Benvenuti, nostalgici della settantiana decade, ecco a voi un piatto che senza dubbio alcuno solleticherà i vostri più fini appetiti. Qualcuno là fuori ricorda i gloriosi tempi che rivoluzionarono la storia del rock con lo stesso affetto che voi nutrite, e in un impeto di intraprendenza ha dato vita a un progetto che gli anni settanta li porta marchiati a fuoco nel cuore. Questo qualcuno, forse vi sorprenderà, risponde al nome di Kurdt Vanderhoof. Sì, avete capito bene: Kurdt Vanderhoof, roccioso axeman nonché fondatore dei pionieri del metallo a stelle e strisce Metal Church, attivi sulle scene mondiali da più di un ventennio, tra molti alti e qualche basso. Oggi, con parecchi anni e altrettanta esperienza in più rispetto agli esordi, il buon vecchio Kurdt torna in scena con una macchina del tempo mascherata da compact disc: allacciate le cinture e preparatevi a tuffarvi in un’epoca ormai lontana nel tempo e nei suoni…
 
Una sana, vigorosa botta di vita: questo è Peace Among The Ruins, opener e title track di un album in fronte al quale si erge in qualità di eloquente portavoce.

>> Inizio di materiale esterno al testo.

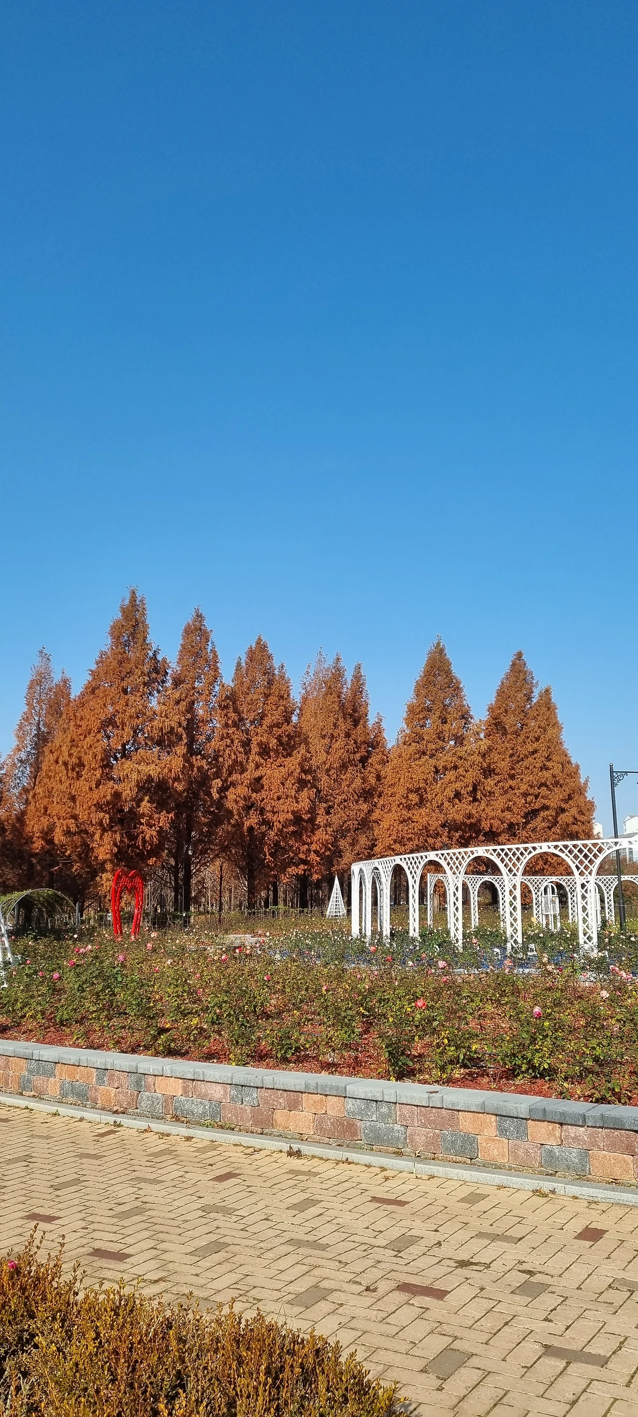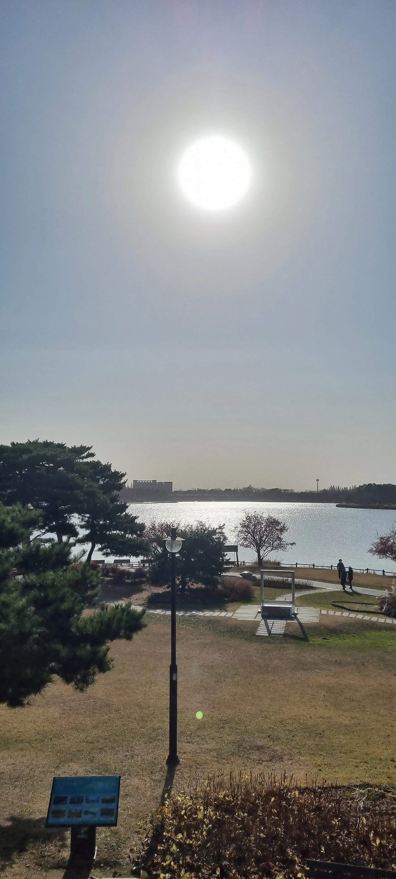 역시 이쁜 날이었다 | 내가 아는 공원 중 가장 깨끗하고 바깥 풍경이 이쁜 화장실이 있는 곳. 다시 일산 호수공원을 찾았다. 화장실 옥상 전망대에 올라가니 노란색 자전거 2대가 놓인 포토존이
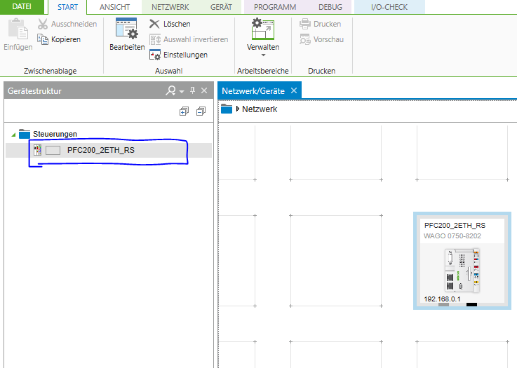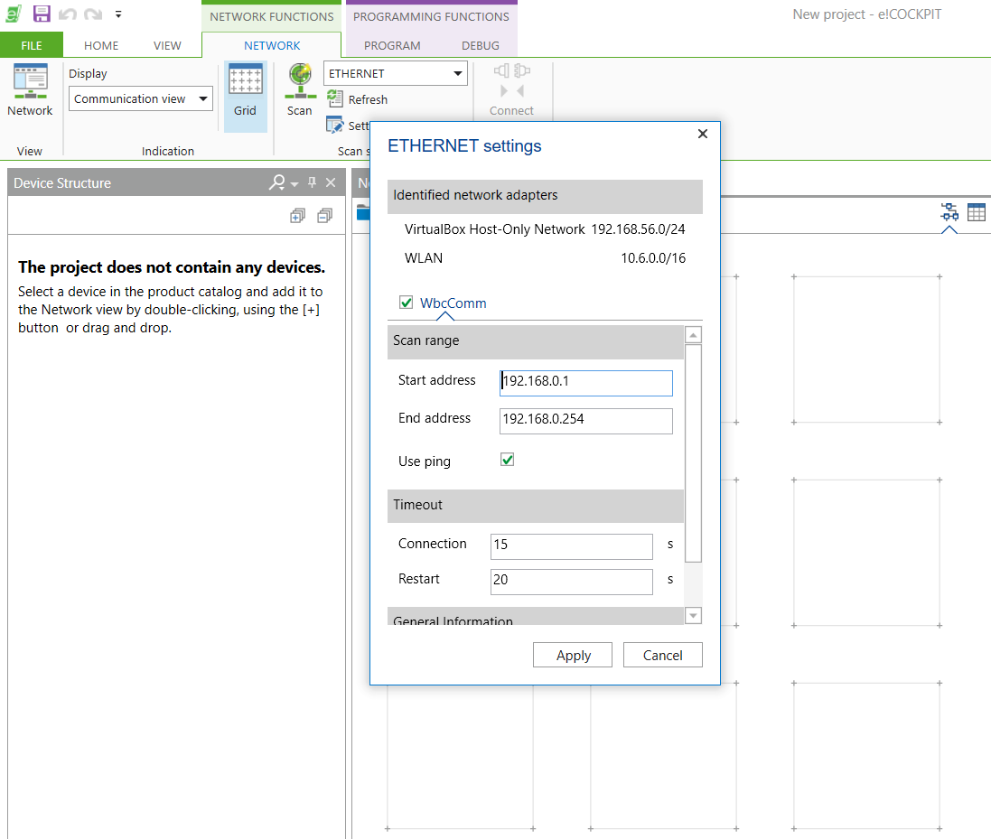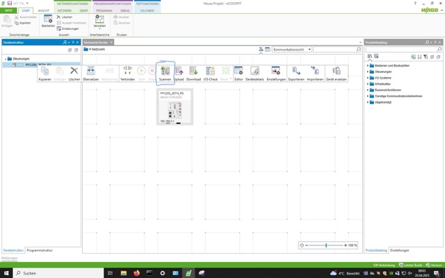Scan for and connect to the PLC from inside e!Cockpit. This is how to do it: Take a look at the PLC rack and read the PLC's IP address. Navigate to Network - Settings and put in the right IP range to scan. For example, scanning in the range from 192.168.1.1 till 192.168.1.254 will detect all PLC's in this network that have IP addresses within that range.
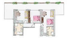 1 Ferienwohnung Andreas + 2 Ferienwohnungen Monolokal + 2 Ferienwohnungen Bilokal, sowie einen Spielraum, einem Hobbyraum und eine Sauna mit Ruheraum.

La scarica di energia pura e sincera che vibra tra le note risalta nell’energia elettrizzante di riff a dir poco trascinanti e nei piroettanti suoni di un autentico organo Hammond, di quelli sempre meno suonati e sempre più sintetizzati, la cui voce vitale e cristallina grida in ogni dove la propria libertà da qualsivoglia artifizio elettronico. Tale è il manifesto programmatico di Vanderhoof e soci: messo al bando il digitale, ciò che restano sono Hammond, mellotron, sintetizzatore analogico, piano elettrico. Tutti suonati alla vecchia maniera. E se è vero che un orecchio non esperto potrebbe non riconoscere la differenza, chiunque potrà misurare sulla propria pelle il feeling straordinario che la band strappa al passato per restituire al presente, oggi nella stessa forma di ieri. State ascoltando la title track? Mettetela in cuffia, e alzate il volume. Sentite il feeling? Sentite la differenza? Davvero pare impossibile rimanere indifferenti di fronte a pezzi tanto brillanti e intensi, impossibile non riconoscere nelle sue melodie arrembanti la matrice dei Deep Purple più energici e potenti. E’ forse questo il brano più riuscito del lotto, quello che meglio di ogni altro rappresenta lo stile dell’album, insieme a quell’altra perla che va sotto il nome di Speed of Time. Stavolta continui cambi di tempo esaltano un basso vivace che stuzzica le melodie vocali vincenti del buon Scott Albright (già con Vanderhoof sul suo primo album da solista), a modellare una scultura dalle molteplici sfaccettature che incanta da ogni angolazione. Due canzoni accomunate da una riflessione a posteriori sulla propria vita e carriera, come potete apprendere dalle parole dello stesso Kurdt.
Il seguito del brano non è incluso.